#### [Try it]
When you repeat the records, keep every word exact and drop each picture.

#### [Source material]

^^^^

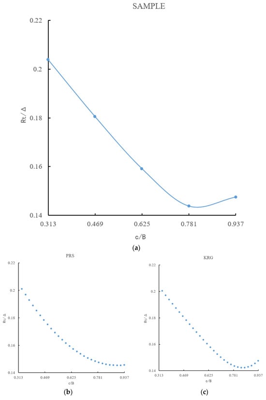 An agent-based model optimization method [] is utilized in this study to identify the optimal chord length (c) for the hydrofoil NACA66-209 equipped on an amphibious vehicle, aiming to achieve minimal sailing resistance at a Fr∇ of 1.3. This methodology integrates numerical simulations with agent models, setting c as the variable under investigation, with the vehicle’s resistance serving as the objective function. Resistance values for a range of c parameters are calculated through numerical simulations, creating a comprehensive dataset for optimization analysis. The process involves exploring this dataset to determine the c value that minimizes resistance, leveraging both numerical simulations and the construction of proxy models for accurate data representation. The selection of the optimal model is based on achieving the lowest possible error metrics, including the sum of squares error and the Prediction Error Sum of Squares (PRESS), which is expressed in Equation (6). Following the identification of the optimal chord length, further computational analysis is conducted to validate the optimization outcome.
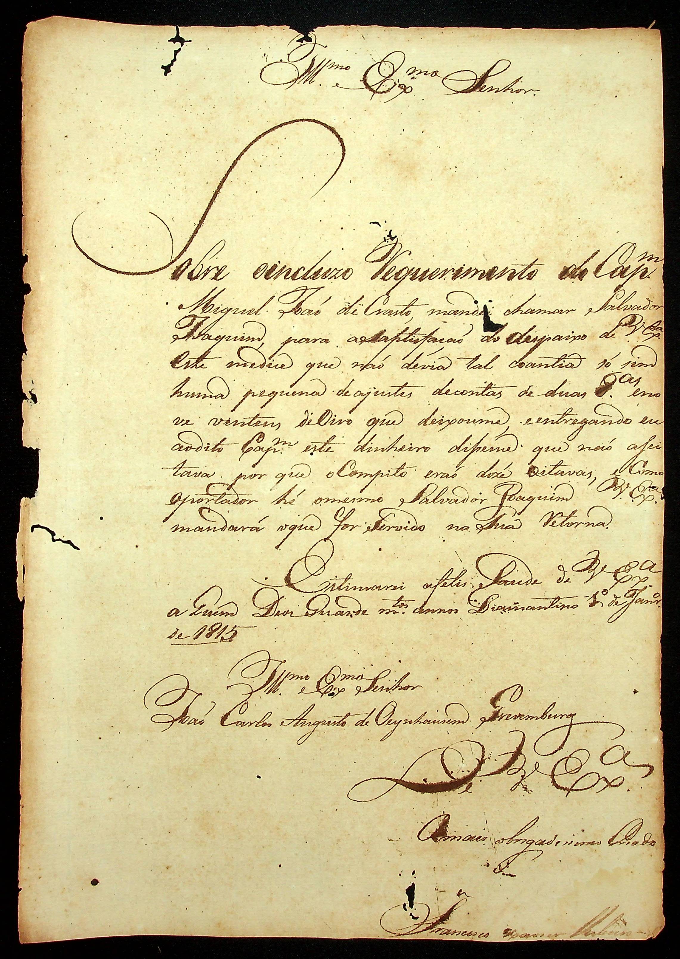 CARTA de Francisco Xavier Ribeiro ao [Governador e Capitão-General da Capitania de Mato Grosso] João Carlos Augusto d’Oeynhausen e Gravenberg.
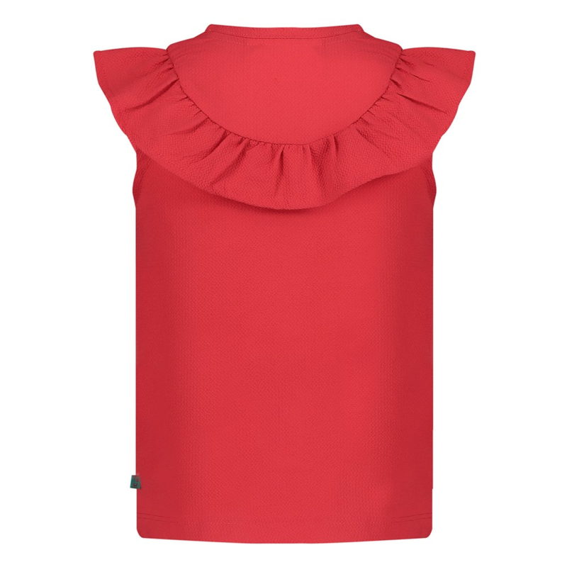 Fleurig rode blouse in een fijne rekbare stof. Met een grote ruche en houtkleurige knoopjes.
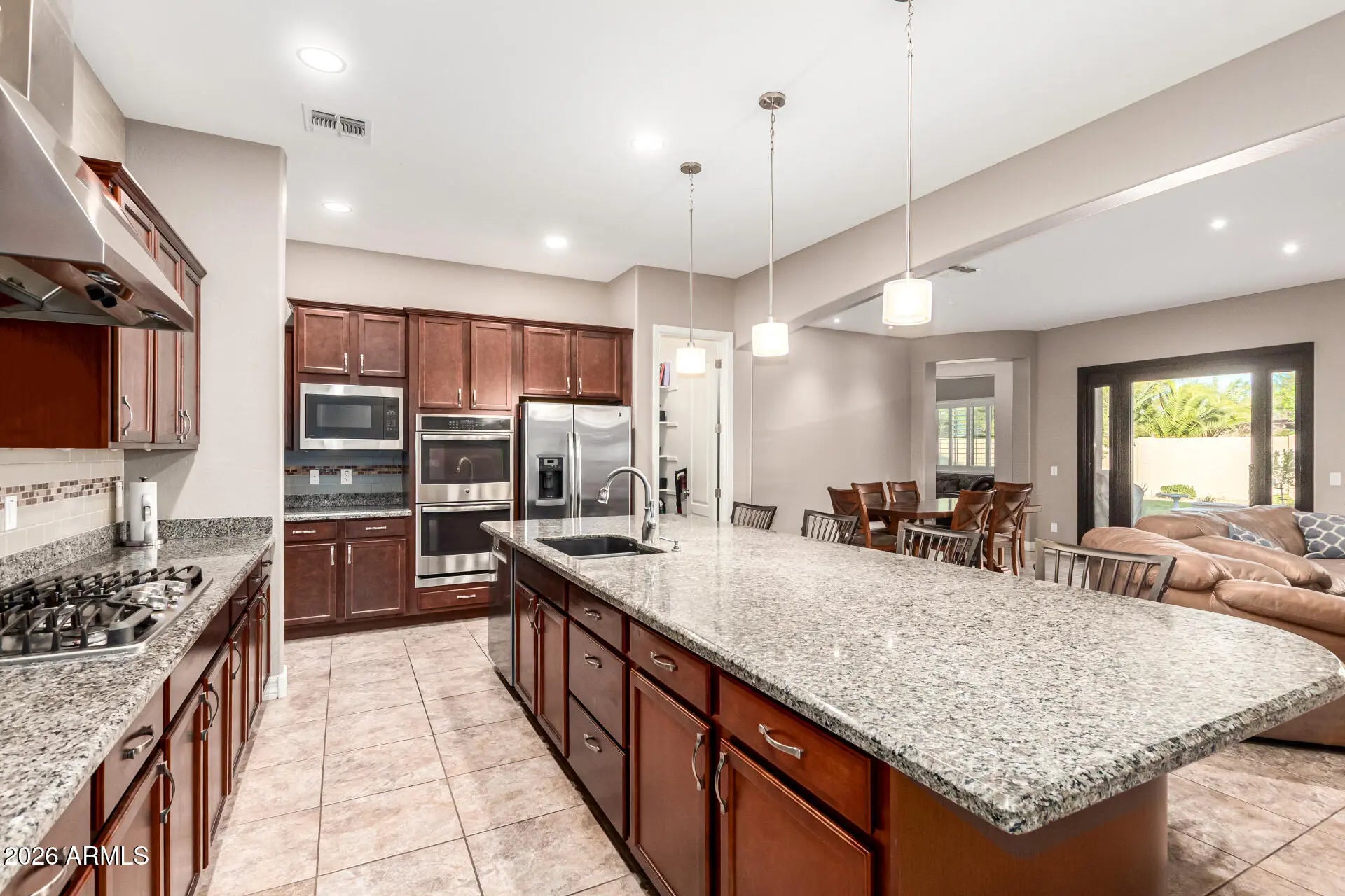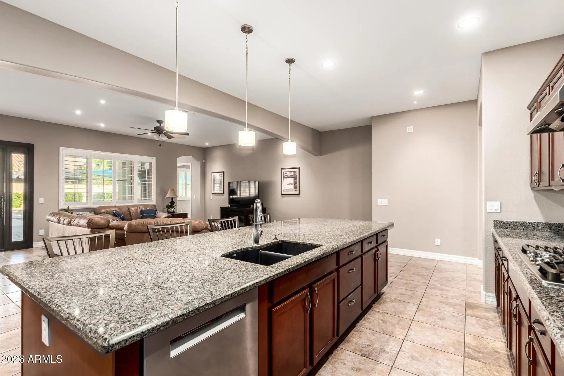 Here's your golden key into Layton Lakes... one of the most sought-after gated communities straddling the sweet spot between Gilbert and Chandler. This 3,500 sq ft stunner brings the space, style, and the solitude! Double 2-car garages? Yep! Massive iron-and-glass front & back doors? You bet! Inside, the grand foyer welcomes you to formal dining, from there, the layout flows in three smart directions: office + laundry wing, guest quarters, and the oversized kitchen/great room combo built for connection! Need a bonus space? There's a flex room with built-in cabinets plus a guest suite with its own bath! The owner's suite? Spacious, private, & all yours. Custom shutters are throughout this home, just in case you like your sunlight filtered & classy. Out back... ...Out back, you'll catch sunrises from the covered patio, chip a few on the putting green, or cool off in your sparkling pool. Location? You're minutes from freeways, the fancy Fry's, Target runs, and date nights! Thanks for taking a look!
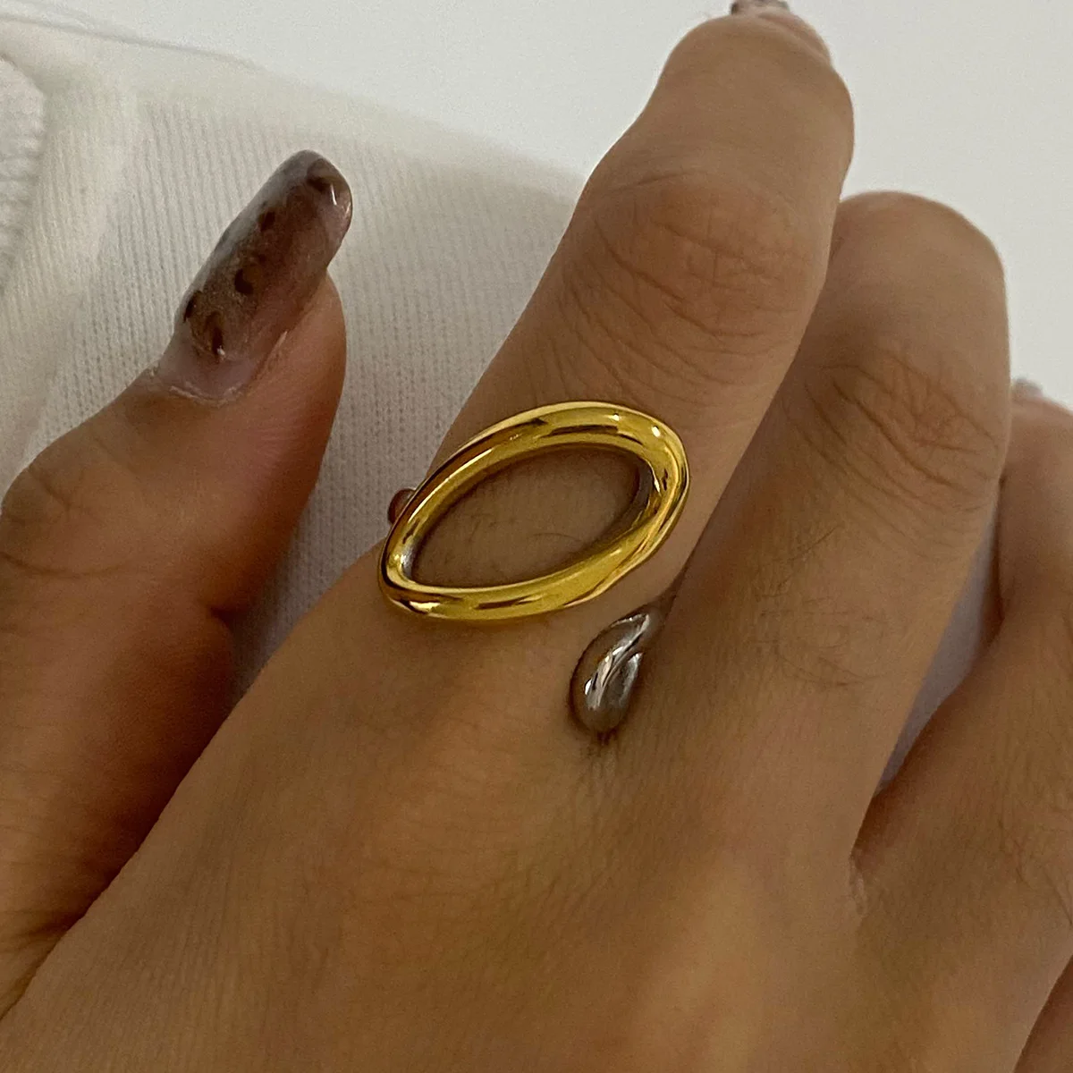 Mirawell Women's Stylish Geometric 18K Gold-Plated Stainless Steel Two-Tone Waterproof Hypoallergenic Daily Wear Ring Fashion
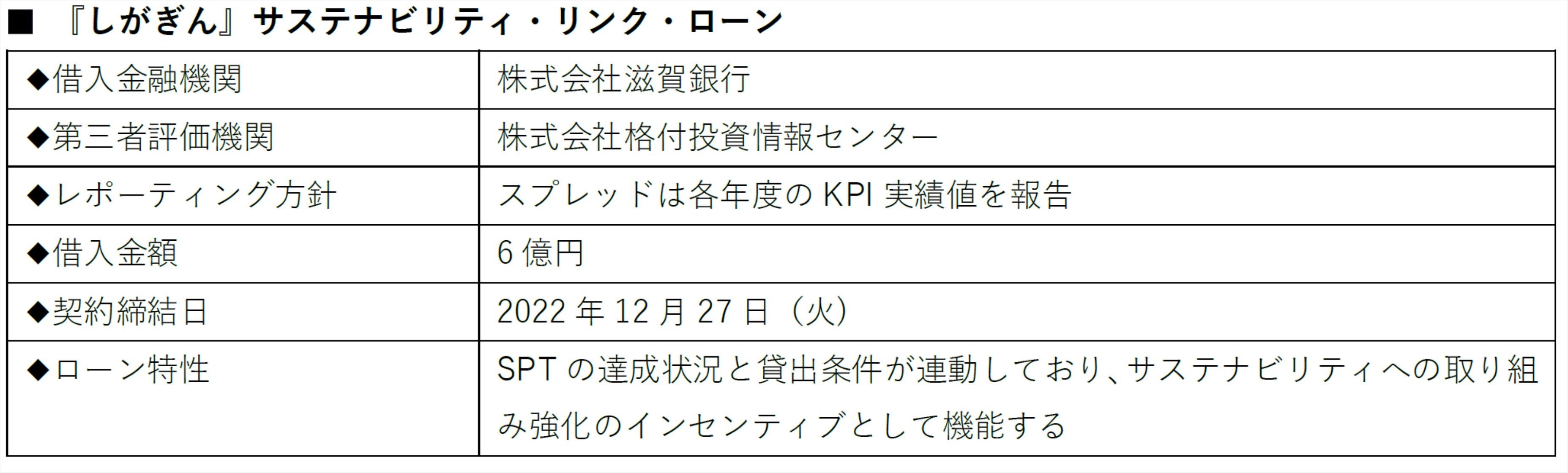 株式会社スプレッド(本社:京都市下京区、代表取締役社長:稲田 信二)は、株式会社滋賀銀行(本店:滋賀県大津市、取締役頭取:高橋 祥二郎)と2022年12月27日(火)にサステナビリティ・リンク・ローン(以下、SLL)契約を締結し、総額6億円の資金を調達しました。国内で植物工場を主な事業として手掛ける事業者向けでは、初の案件となります。
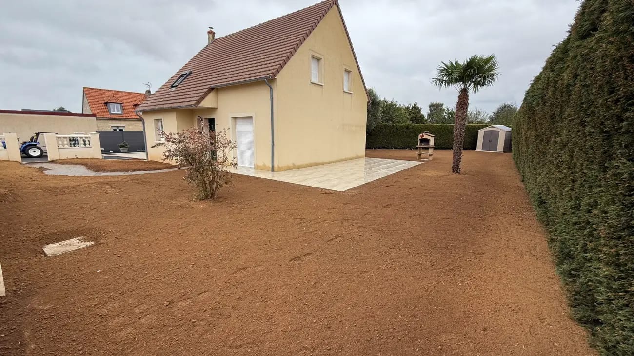 Une terrasse carrelée a été créée le long de la façade arrière, remplaçant une partie de l'ancienne pelouse. Les travaux ont nécessité l'excavation du terrain existant et la préparation d'une fondation adaptée.
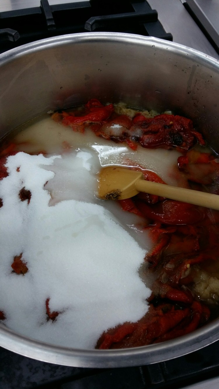 Asar lo pimientos. Pelar y quitar las pepitas. Meter en una cazuela con los demás ingredientes y dejar cocer 30′. Triturar en la thermomix hasta que quede una textura lisa. Y ya lo tenemos.
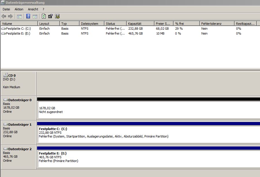 Die Datenträgerverwaltung erkennt die Platte, bietet mir aber nur exakt 1677,90 GB an.

^^^^

#### [Answer space]
 An agent-based model optimization method [] is utilized in this study to identify the optimal chord length (c) for the hydrofoil NACA66-209 equipped on an amphibious vehicle, aiming to achieve minimal sailing resistance at a Fr∇ of 1.3. This methodology integrates numerical simulations with agent models, setting c as the variable under investigation, with the vehicle’s resistance serving as the objective function. Resistance values for a range of c parameters are calculated through numerical simulations, creating a comprehensive dataset for optimization analysis. The process involves exploring this dataset to determine the c value that minimizes resistance, leveraging both numerical simulations and the construction of proxy models for accurate data representation. The selection of the optimal model is based on achieving the lowest possible error metrics, including the sum of squares error and the Prediction Error Sum of Squares (PRESS), which is expressed in Equation (6). Following the identification of the optimal chord length, further computational analysis is conducted to validate the optimization outcome.
 CARTA de Francisco Xavier Ribeiro ao [Governador e Capitão-General da Capitania de Mato Grosso] João Carlos Augusto d’Oeynhausen e Gravenberg.
 Fleurig rode blouse in een fijne rekbare stof. Met een grote ruche en houtkleurige knoopjes.
 Here's your golden key into Layton Lakes... one of the most sought-after gated communities straddling the sweet spot between Gilbert and Chandler. This 3,500 sq ft stunner brings the space, style, and the solitude! Double 2-car garages? Yep! Massive iron-and-glass front & back doors? You bet! Inside, the grand foyer welcomes you to formal dining, from there, the layout flows in three smart directions: office + laundry wing, guest quarters, and the oversized kitchen/great room combo built for connection! Need a bonus space? There's a flex room with built-in cabinets plus a guest suite with its own bath! The owner's suite? Spacious, private, & all yours. Custom shutters are throughout this home, just in case you like your sunlight filtered & classy. Out back... ...Out back, you'll catch sunrises from the covered patio, chip a few on the putting green, or cool off in your sparkling pool. Location? You're minutes from freeways, the fancy Fry's, Target runs, and date nights! Thanks for taking a look!
 Mirawell Women's Stylish Geometric 18K Gold-Plated Stainless Steel Two-Tone Waterproof Hypoallergenic Daily Wear Ring Fashion
 株式会社スプレッド(本社:京都市下京区、代表取締役社長:稲田 信二)は、株式会社滋賀銀行(本店:滋賀県大津市、取締役頭取:高橋 祥二郎)と2022年12月27日(火)にサステナビリティ・リンク・ローン(以下、SLL)契約を締結し、総額6億円の資金を調達しました。国内で植物工場を主な事業として手掛ける事業者向けでは、初の案件となります。
 Une terrasse carrelée a été créée le long de la façade arrière, remplaçant une partie de l'ancienne pelouse. Les travaux ont nécessité l'excavation du terrain existant et la préparation d'une fondation adaptée.
 Asar lo pimientos. Pelar y quitar las pepitas. Meter en una cazuela con los demás ingredientes y dejar cocer 30′. Triturar en la thermomix hasta que quede una textura lisa. Y ya lo tenemos.
 Die Datenträgerverwaltung erkennt die Platte, bietet mir aber nur exakt 1677,90 GB an.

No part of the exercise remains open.